[[ GIVEN DATA open ]]

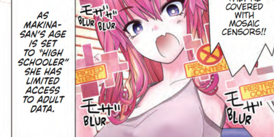 Male protagonist Eita spends most of the volume panicking and stressing about Makina's physical closeness and exhibitionism. His character isn't interesting, and doesn't develop. Makina herself is a bit more fun – especially when it becomes clear she doesn't know anything about sex at all, because her “adult filters” are enabled, which means she can't even look up sex manuals on the internet. This leads to some admittedly hilarious misconceptions, including a running joke about Eita's “prostate”. It turns out that Makina learning about sex from a BL-obsessed schoolmate probably wasn't the right educational choice.
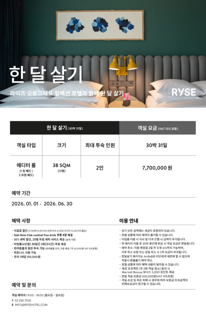 라이즈 한 달 살기는 일상의 퀄리티를 높여주고 특별함을 더해 주는 장기 투숙 패키지입니다.
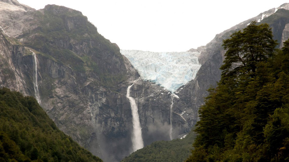Ventisquero Colgante Falls: Situado en el Parque Nacional Queulat en el sur de Chile, las cascadas formadas por la desaparición de los glaciares en la parte superior de las monta?as, tiene una caída de cerca de 549 metros, con una anchura media de 30 m. Afectado por la situación de la continua desaparición de los glaciares, la ruta de esta catarata puede cambiar.
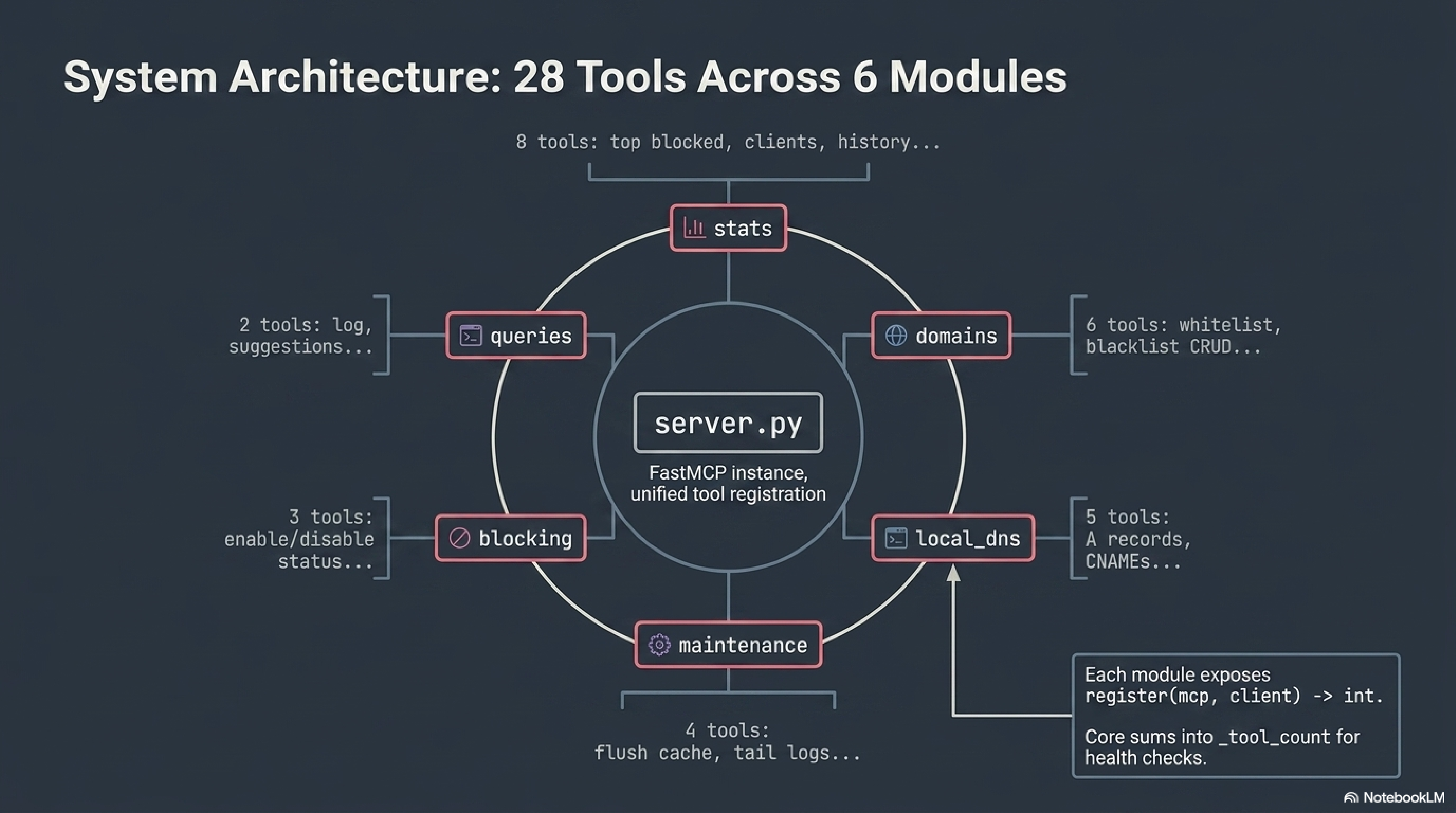 Every tool module exposes a single register(mcp, client) -> int function that decorates tools with @mcp.tool() and returns the count it registered. server.py sums the counts into _tool_count for health checks. Total: 28 tools, plus a meta server_info().

[[ GIVEN DATA closed ]]

## EXERCISE GOAL
Pictures stay out. Print the data exactly, from its first line through the line containing "라이즈 한 달 살기는".

## RESPONSE TO THE EXERCISE
 Male protagonist Eita spends most of the volume panicking and stressing about Makina's physical closeness and exhibitionism. His character isn't interesting, and doesn't develop. Makina herself is a bit more fun – especially when it becomes clear she doesn't know anything about sex at all, because her “adult filters” are enabled, which means she can't even look up sex manuals on the internet. This leads to some admittedly hilarious misconceptions, including a running joke about Eita's “prostate”. It turns out that Makina learning about sex from a BL-obsessed schoolmate probably wasn't the right educational choice.
 라이즈 한 달 살기는 일상의 퀄리티를 높여주고 특별함을 더해 주는 장기 투숙 패키지입니다.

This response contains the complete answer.